Ctenotus superciliaris by Stephen Mahony, on Flickr

Within the garden Carlia were common but shy, usually under cultivated hedges with deep leaf-litter. 


Carlia munda by Stephen Mahony, on Flickr

Northern Blue-tongues were also abundant, often making there way into house.


Tiliqua scincoides by Stephen Mahony, on Flickr


Tiliqua scincoides by Stephen Mahony, on Flickr

Away from the living area Central Blue-tongues were also sometimes found. 


Tiliqua multifasciata by Stephen Mahony, on Flickr

Of course I have saved the greatest for last. Small Brown Skinks. 
Here one of the smallest, brownest and most common, Menetia greyii!


Menetia greyii by Stephen Mahony, on Flickr

And even better Small, Brown, and with pretty colours. Proablepharus tenuis. 


Proablepharus tenuis by Stephen Mahony, on Flickr

Red-throated male. 


Proablepharus tenuis by Stephen Mahony, on Flickr

And that was the Kimberley. I'll have to go back to get more pictures of the far to numerous animals I missed but for now it was a rather enjoyable experience and I hope you enjoy the pictures.


----------



## Leasdraco (May 6, 2014)

Thanks for sharing your photos and experiences


----------



## rockethead (May 6, 2014)

fantastic photos good job


----------



## jacevy (May 6, 2014)

Wow there are some amazing photos there.
With the photo of the BHP and the Brown it is interesting to see the sediment on their faces. I guess they don't live in prestine conditions where their owners are worried about compaction!

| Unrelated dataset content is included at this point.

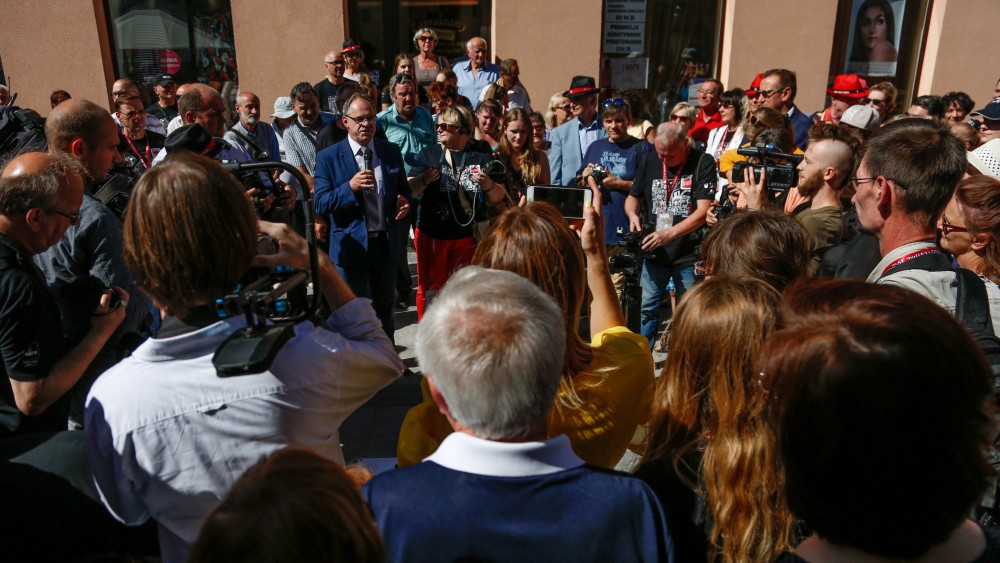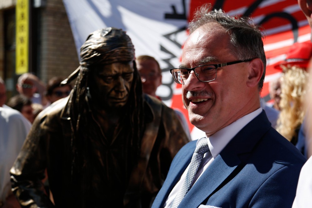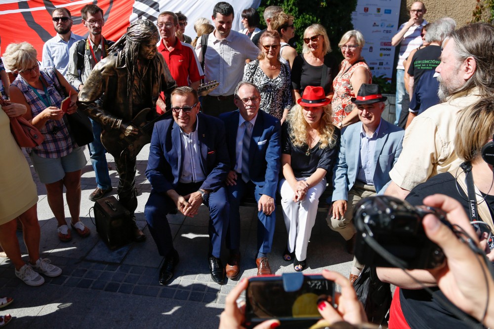 Ławeczkę odsłonili Czesław Renkiewicz- prezydent Suwałk oraz autor rzeźby Janusz Tałuć.

Also in the middle photo of the BHP what do you think the white in it's mouth is? It looks like a build up of mucus.


----------



## Focus (May 6, 2014)

Fantastic pics mate. Thanks for sharing.


----------



## NickGeee (May 6, 2014)

Fantastic photos mate! Just sneaking up on those monitors is an accomplishment in itself.


----------



## saratoga (May 6, 2014)

Stunning images Stephen!. The sharpness and amount of detail is truly amazing


----------



## beastcreature (May 6, 2014)

Truly brilliant, thanks for sharing.



jacevy said:


> Also in the middle photo of the BHP what do you think the white in it's mouth is? It looks like a build up of mucus.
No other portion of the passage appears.